START Material provided
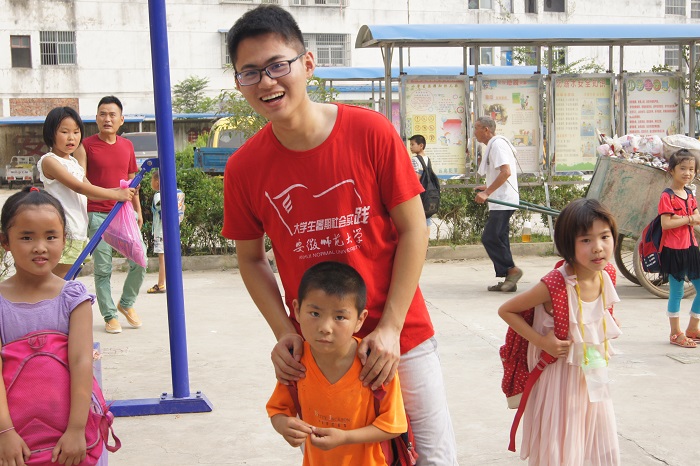 “公益是一项事业,是一份责任,更是一件有意义并充斥快乐的事!” 2015年,他跟随校重点团队赴阜南进行了为期半个月的志愿服务;2016年,他与二十余名志同道合的队员在松兹的土地上写下了他们心中的“宿愿”。短短的十几天里,刘成俊与其队友们联合宿松团县委及当地义工组织,开展志愿服务慰问群众;他们直奔前线,记录人民群众与子弟兵的众志成城;他们在三德村设立支教点,首次将“传媒素养普及培训班”这张社会实践特色名片落户农村,并将团队前期筹集到的近800册图书,全部捐献给当地孩子们;他们借助“安师大德赢AC米兰合作伙伴学生会”微信公众号进行社会募捐,几天之内共募集善款4273元,全部捐献给灾区民众!他们的志愿服务受到社会和媒体的高度关注,部分稿件发表在中国青年报、中国青年网等国家、省市级媒体......
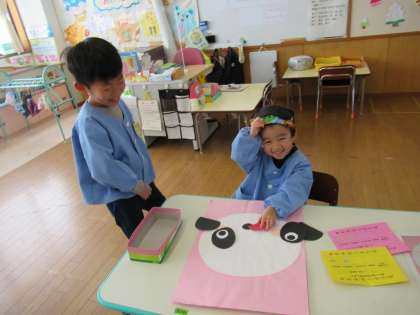 お正月お楽しみ会がありました。1 公開日 2023/01/25 更新日 2023/01/25 1日の生活 1月25日(水) 今日はお正月お楽しみ会がありました。異年齢でペアになり、コマ回し、羽根(風船)つき、かるた、福笑い、けん玉づくりの5つのコーナーを回り、お正月遊びを楽しみました。最後にみんなで「十二支の歌」を歌ったり「コマ回し」のリズム遊びをしたりして楽しみました。
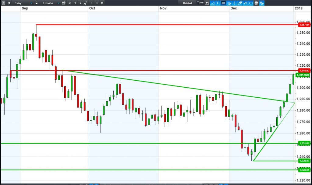 The UK Index 100 has pulled back to support at 7645. The DAX 30 has bounced off 12745. Dow Jones Futures are back in the middle of their 24700-24900 range. Gold is close to challenging late Sept highs of $1315.
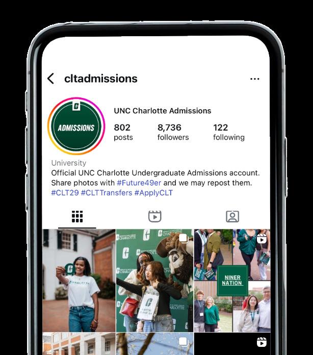 Junior year marks a turning point. For many students and families, it’s when college planning activities kick into high gear. UNC Charlotte has compiled this step-by-step checklist to navigate this important time. At Charlotte, you’ll work with supportive faculty, explore groundbreaking research opportunities and enjoy our handson approach to learning. Our modern campus and thriving city provide many opportunities to learn beyond the classroom and create a tight knit community on campus. to welcome you to Niner Nation!
END Material provided
The expected output is an exact copy of the lines from the top of the data above through the line containing "The UK Index", both included, with every picture omitted.

 “公益是一项事业,是一份责任,更是一件有意义并充斥快乐的事!” 2015年,他跟随校重点团队赴阜南进行了为期半个月的志愿服务;2016年,他与二十余名志同道合的队员在松兹的土地上写下了他们心中的“宿愿”。短短的十几天里,刘成俊与其队友们联合宿松团县委及当地义工组织,开展志愿服务慰问群众;他们直奔前线,记录人民群众与子弟兵的众志成城;他们在三德村设立支教点,首次将“传媒素养普及培训班”这张社会实践特色名片落户农村,并将团队前期筹集到的近800册图书,全部捐献给当地孩子们;他们借助“安师大德赢AC米兰合作伙伴学生会”微信公众号进行社会募捐,几天之内共募集善款4273元,全部捐献给灾区民众!他们的志愿服务受到社会和媒体的高度关注,部分稿件发表在中国青年报、中国青年网等国家、省市级媒体......
 お正月お楽しみ会がありました。1 公開日 2023/01/25 更新日 2023/01/25 1日の生活 1月25日(水) 今日はお正月お楽しみ会がありました。異年齢でペアになり、コマ回し、羽根(風船)つき、かるた、福笑い、けん玉づくりの5つのコーナーを回り、お正月遊びを楽しみました。最後にみんなで「十二支の歌」を歌ったり「コマ回し」のリズム遊びをしたりして楽しみました。
 The UK Index 100 has pulled back to support at 7645. The DAX 30 has bounced off 12745. Dow Jones Futures are back in the middle of their 24700-24900 range. Gold is close to challenging late Sept highs of $1315.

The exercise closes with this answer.